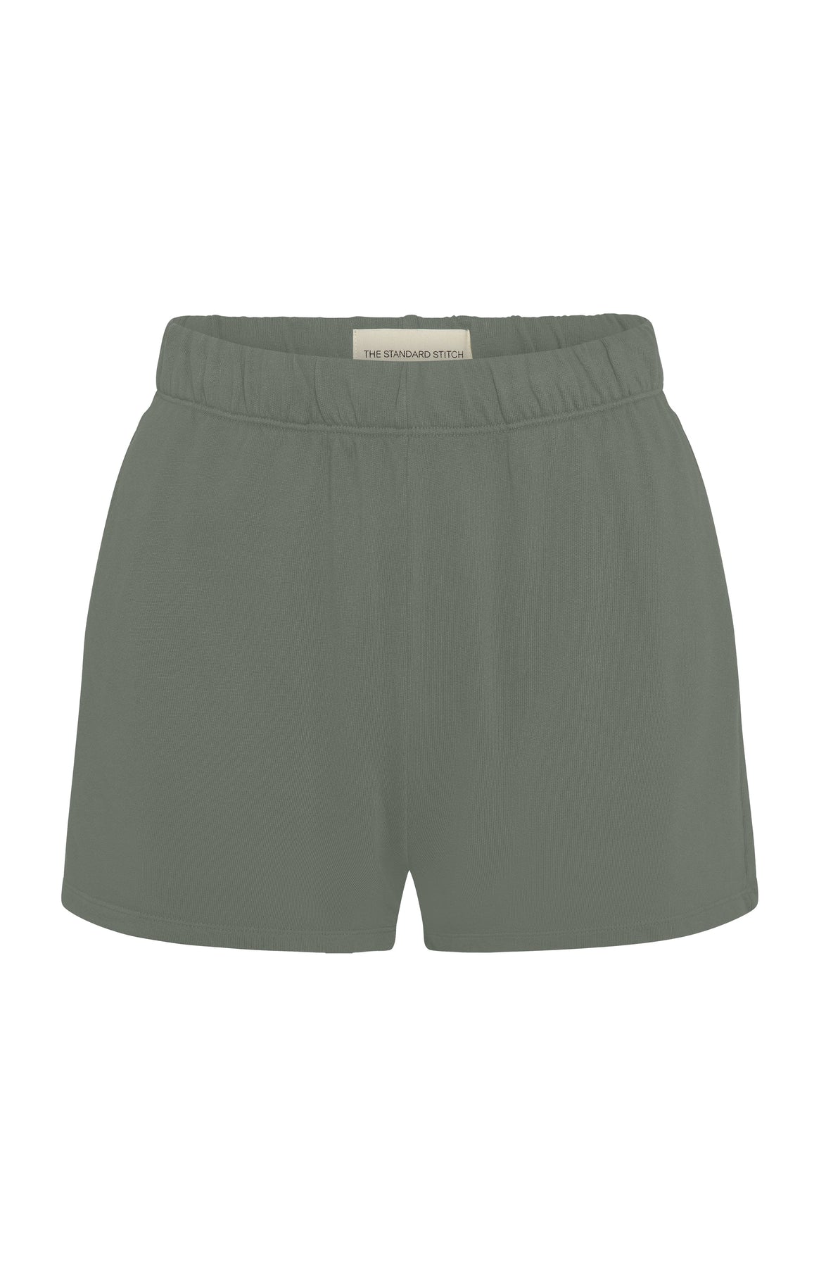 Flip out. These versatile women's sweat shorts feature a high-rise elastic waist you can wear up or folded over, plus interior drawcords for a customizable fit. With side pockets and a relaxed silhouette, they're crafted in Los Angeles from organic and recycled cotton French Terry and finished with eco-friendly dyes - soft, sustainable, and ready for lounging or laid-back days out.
--------------------------------
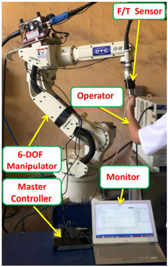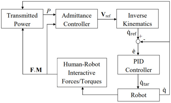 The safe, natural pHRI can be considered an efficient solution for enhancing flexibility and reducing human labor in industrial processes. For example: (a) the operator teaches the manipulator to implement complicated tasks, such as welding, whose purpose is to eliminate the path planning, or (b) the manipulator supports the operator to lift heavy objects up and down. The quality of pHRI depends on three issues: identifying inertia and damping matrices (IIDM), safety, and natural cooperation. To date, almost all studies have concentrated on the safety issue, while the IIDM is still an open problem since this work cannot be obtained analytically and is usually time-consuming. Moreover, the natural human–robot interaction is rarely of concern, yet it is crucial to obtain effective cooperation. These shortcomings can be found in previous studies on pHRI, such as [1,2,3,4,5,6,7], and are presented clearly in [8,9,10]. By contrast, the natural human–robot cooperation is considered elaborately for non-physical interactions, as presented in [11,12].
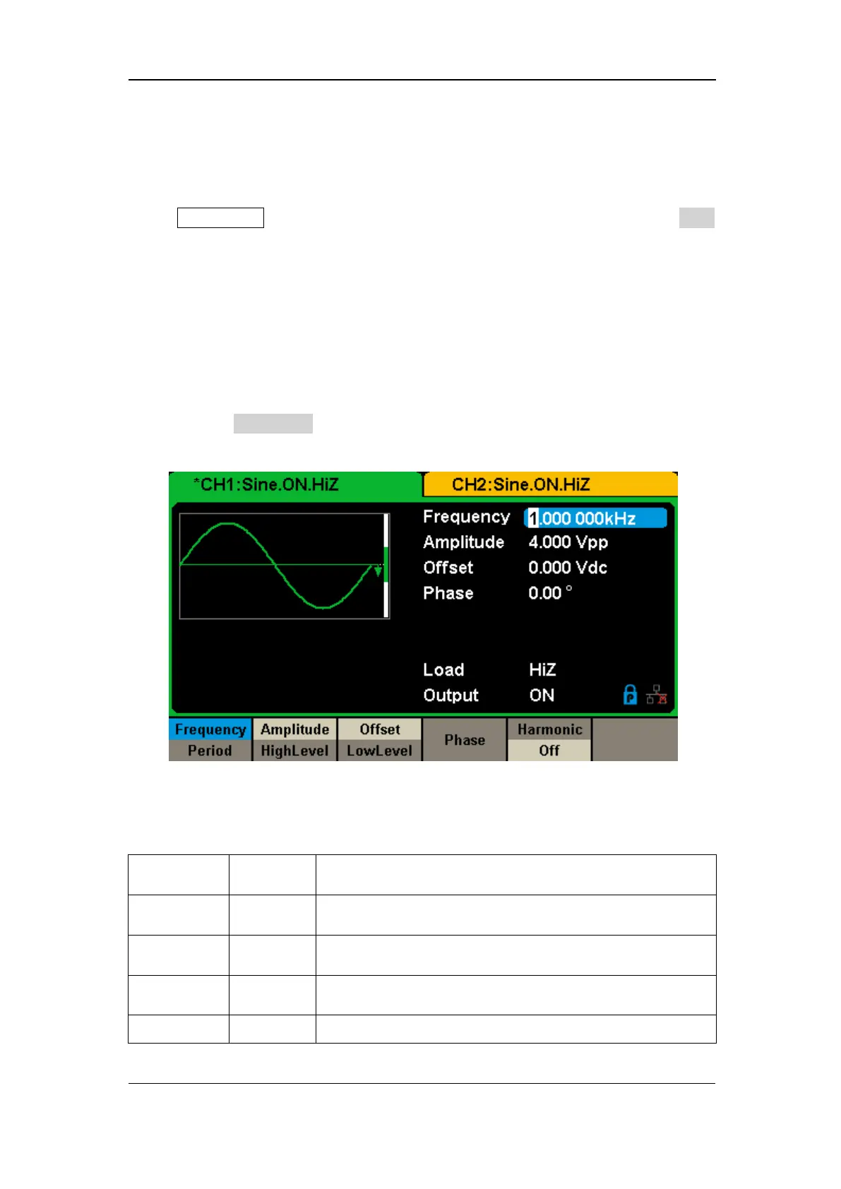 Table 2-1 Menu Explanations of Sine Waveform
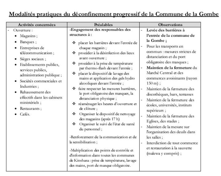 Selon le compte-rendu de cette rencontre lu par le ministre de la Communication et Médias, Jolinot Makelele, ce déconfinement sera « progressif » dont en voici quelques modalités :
--------------------------------
• **Exercise objective**
Each line above that falls between the line with "Table 2-1 Menu Explanations of Sine Waveform" and the line with "Selon le compte-rendu" should be printed exactly, together with those two lines, but the pictures should not.

• **Exercise result**
 Table 2-1 Menu Explanations of Sine Waveform
 Selon le compte-rendu de cette rencontre lu par le ministre de la Communication et Médias, Jolinot Makelele, ce déconfinement sera « progressif » dont en voici quelques modalités :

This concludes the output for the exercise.